Havana to Vinales - Triplogue

Wednesday, 25 December 1996, Havana to Las Terrazas, 48 miles

It was Christmas morning, and the first time this trip that we had slept past 6:30. We woke up just in time to watch the sun rise over the meeting of smog and sea that constitutes Havana. The ambiance (and the food) on the 10th floor breakfast room was pure Eastern Bloc, but the view from the terrace was breathtaking and the coffee gloriously strong. On the ground floor I discovered a travel agent who called around for me. I had picked Soroa –70 kilometers west of Havana—as our place to spend the night, but she learned that it was closed, being used as a movie set. After some thought (actually I think it was the car rental boy at the next desk who came up with it), she proposed the Hotel Moka in a "Zona Turistica" called Las Terrazas. She couldn’t reserve us a room for some inexplicable Cuban reason, yet felt certain that there would be space and assured me that it was a fantastic spot. Given the gloomy surroundings of the lobby where we sat, I didn’t expect much.

Packing our bags in our room, I wondered about the sounds of schoolchildren across the street. Wasn’t Christmas a holiday here? Apparently not. "Every day is a working day," a cheerless desk clerk explained to me later, with more than a touch of irony. I’ve learned since that Christmas was officially canceled as a holiday some time in the ‘70’s. Pretty amazing when you consider that this country was virtually 100% Catholic before Castro came to power, and that even in Islamic Indonesia, Christmas is an official holiday.

So we hit the road on a day like any other in Cuba. Billboards wished us a happy 1997, but there were no signs of Christmas anywhere.
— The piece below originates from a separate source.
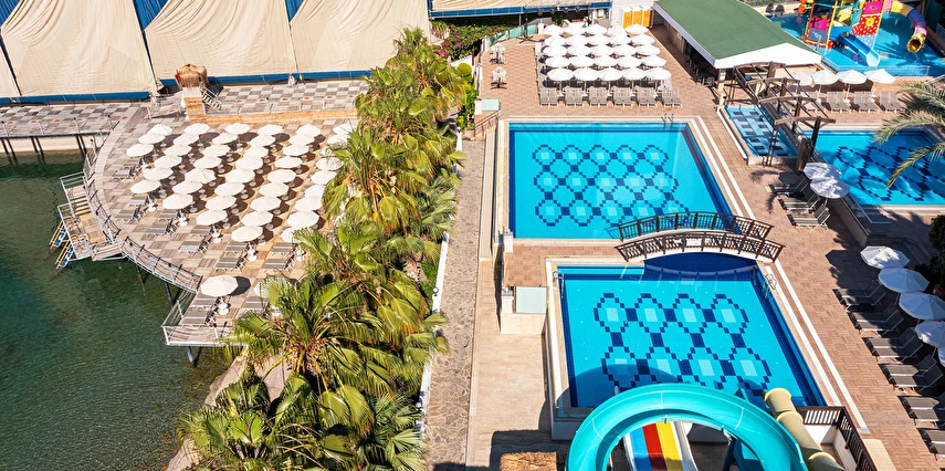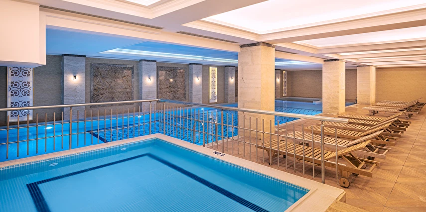 Bay için tatlı su havuzları; 1 adet 100 m² ve 1,20 cm derinliğinde kaydıraklı tatlı su havuzu // 1 adet 120 m² ve 1,40 cm derinliğinde kapalı ve ısıtmalı havuz (Sezonluk olarak kullanılmaktadır) // 1 adet 7 m² ve 0,40 cm derinliğinde kapalı ve ısıtmalı çocuk havuzu (Sezonluk olarak kullanılmaktadır)

A Champs-Elysees- like boulevard led us to the Plaza de la Revolucion, where an enormous steel portrait of Che Guevara –the national saint—graced one monumental building. All the clichés of Cuba surrounded us: decaying colonial grandeur, jury-rigged mass transit, the world’s most antiquated auto fleet, communist slogans, and bicycles everywhere.

For several miles through town we kept apace of a funny-looking tractor pulling two tanks. The three drunken peasants aboard this vehicle kept trying to get us to stop and drink with them. Eventually we conciliated and let them fill one of my water bottles with rum –which is what their tanks (and bellies) were filled with. It was the first of many such encounters with what appears to be a national trait of boundless generosity.

Shortly thereafter we hit the autopista, taking a cloverleaf ramp onto the most amazing road I’ve ever been on. Instantly we were plunged into a hallucinatory experience, surrounded by every kind of vehicle imaginable, most of them confected from various bits of metal and wood and held together by wire. The whole aesthetic was eerily apocalyptic, but the pace was Caribbean sluggish. "It’s like ‘Road Warrior’ on Valium," I shouted to Fred over the din –a pretty astute first impression, it turns out.

The autopista is a misnomer, since there are very few autos on it. Instead, it is six lanes of harmonious chaos. A sign explains that the right lane is reserved for bicycles, but we found it full of tractors, horse carts and pedestrians as well. One poignant image we witnessed was a guy waving us down desperately to sell us his wedding ring from the roadside as we pedaled by. Other objects for sale included garlic, fruit, lettuce and livestock.

The speed limit for the middle lane is 40km/h, 60km/h in the fast lane, and here you find all the vehicles from "Road Warrior." The motorcycles all have sidecars and are loaded down with people and goods. The Cubans have taken the term "multi-purpose vehicle" to its (il)logical conclusion: semi trucks have been converted into buses, and 1950’s Plymouths are stuffed with sugarcane. Many flatbed trucks have wooden shacks constructed upon them, to provide shade for passengers. Nearly every motorized vehicle also had bicycles attached to it –even the gas trucks. On the buses, the bikes are hung out the windows by their seats or handle bars. Not surprisingly, many vehicles of all sorts were stationary on the shoulder, broken down.

Under every bridge were entire colonies of people looking to hitch a ride, and many of the prospective female passengers overtly used their sex appeal to get picked up. The air was all but unbreathable, choked with black exhaust in spite of the wind.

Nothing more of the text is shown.